De même, la Région Languedoc-Roussillon a engagé une procédure spécifique relative au programme de réaménagement de locaux universitaires, qui avait fait l'objet d'un avenant modificatif d'avril 1997 précisant son coût, son contenu et le contexte administratif et financier des travaux, et pour lequel :

- la Région a achevé les travaux prévus dont elle assurait la maîtrise d'ouvrage ;

- l'Etat n'avait pas entièrement respecté ses engagements au 31 décembre 1998, une partie des travaux prévus sous maîtrise d'ouvrage Etat n'ayant pas été entrepris ;

- les locaux universitaires ainsi construits par la Région ont été remis en pleine propriété à l'Etat, dont le patrimoine se trouve augmenté en conséquence ;

- la Région estime donc que l'Etat s'est ainsi enrichi sans cause.

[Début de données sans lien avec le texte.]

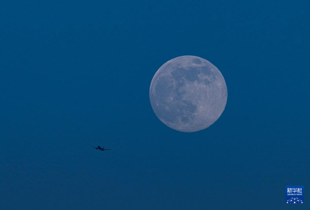 12月4日在浙江省温州市上空拍摄的月亮和飞机。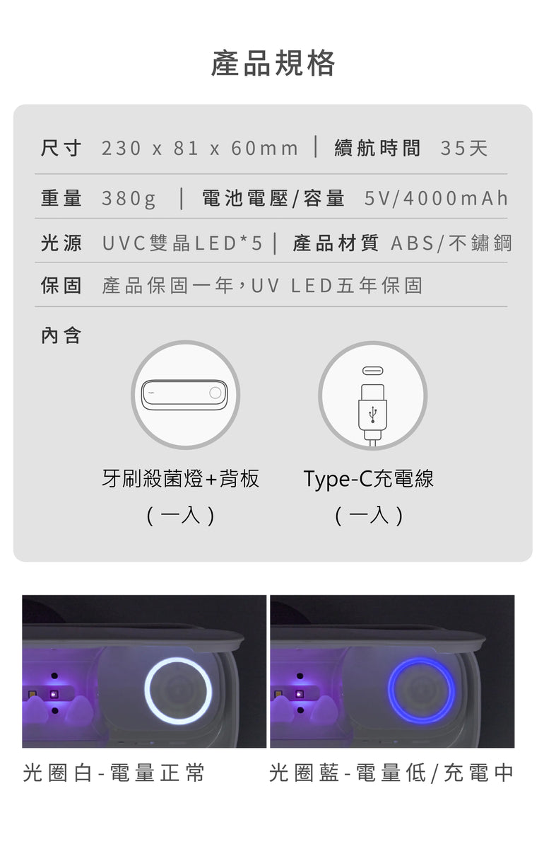 內容物:Light Flo Puré 光韻牙刷殺菌盒、3M背貼板、USB充電線、說明書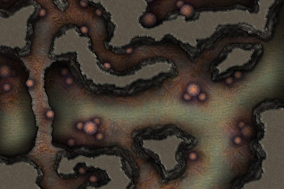 Click image to download this free TTRPG battlemap of a Fungal Caverns, then keep scrolling for the detailed adventure prompt written for it ?

• Dans ses mémoires en réponse 119( * ) au nom de l'Etat , le Préfet de région estime notamment :

- " le non respect par l'Etat de ses engagements financiers - qui ne constituaient en fait que des objectifs - ne fait pas grief à la collectivité ... le recours n'est donc pas recevable " ;

- " [la loi du 29 juillet 1982] crée deux catégories de conventions ayant chacune une spécificité. La première d'entre elles qui répond à la nécessité de fixer des objectifs prioritaires et des engagements réciproques des parties est dénuée d'effet direct et sert de support cadre à la deuxième catégorie de conventions constituée par les contrats particuliers [les conventions d'application]... " ;

- " ... Par ailleurs la jurisprudence du Conseil d'Etat considère que les clauses du contrat de plan correspondent davantage à des objectifs ou à des programmes qu'à des obligations juridiques. Il convient d'ailleurs de noter que quatre décisions du Conseil d'Etat concluent au caractère non contraignant des contrats de plan [les arrêts évoqués infra CE 8 janvier 1988 Synchrotron, CE 15 février 1993 Région Nord - Pas-de-Calais, CE 25 octobre 1996 Estuaire écologie, CE 17 novembre 1995 Commune de Théziers] ..." ;

- " ... Les engagements financiers [ des contrats de plan ] ne sont pas irrévocables puisqu'ils sont subordonnées à l'ouverture de moyens financiers suffisants... La clause d'exonération de l'Etat peut être avancée dès lors que les chapitres budgétaires support [c'est-à-dire les chapitres contractualisés ] ne peuvent manifestement pas honorer leurs engagements par défaut d'inscription en loi de finances ; le contraire reviendrait à mettre en cause les pouvoirs du Parlement ... " ;

- " ... L'analyse de la réglementation et de la jurisprudence amène donc à conclure à l'absence d'effet direct du contrat et à son caractère non normatif du fait qu'il correspond davantage à des objectifs qu'à des obligations juridiques. En outre le contrat n'entraîne aucune conséquence directe quant à la réalisation effective des opérations ... ".

- s'agissant plus particulièrement du projet de bâtiments universitaires, " ... la Région ne peut apporter de preuves du préjudice subi ".

• Cette argumentation, selon laquelle les engagements des contrats de plan ne sont ni contraignants, ni irrévocables , revient à vider les contrats de plan de toute portée concrète : les contrats de plan ne seraient que des contrats d'objectifs.

Cette assertion est d'ailleurs cohérente avec l'idée selon laquelle les engagements des contrats de plan 2000-2006 sont " en pointillés " à partir de 2003.

Il s'agit là toutefois d'une assertion préoccupante à l'heure où les Régions viennent pour la plupart de signer les nouveaux contrats : il n'est pas sûr que le point de vue ainsi exprimé par l'Etat recouvre toujours la signification que les Régions accordent aux contrats de plan.

Sans doute convient-il donc que s'engage un débat parlementaire de fond sur la portée attachée aux contrats entre collectivités publiques.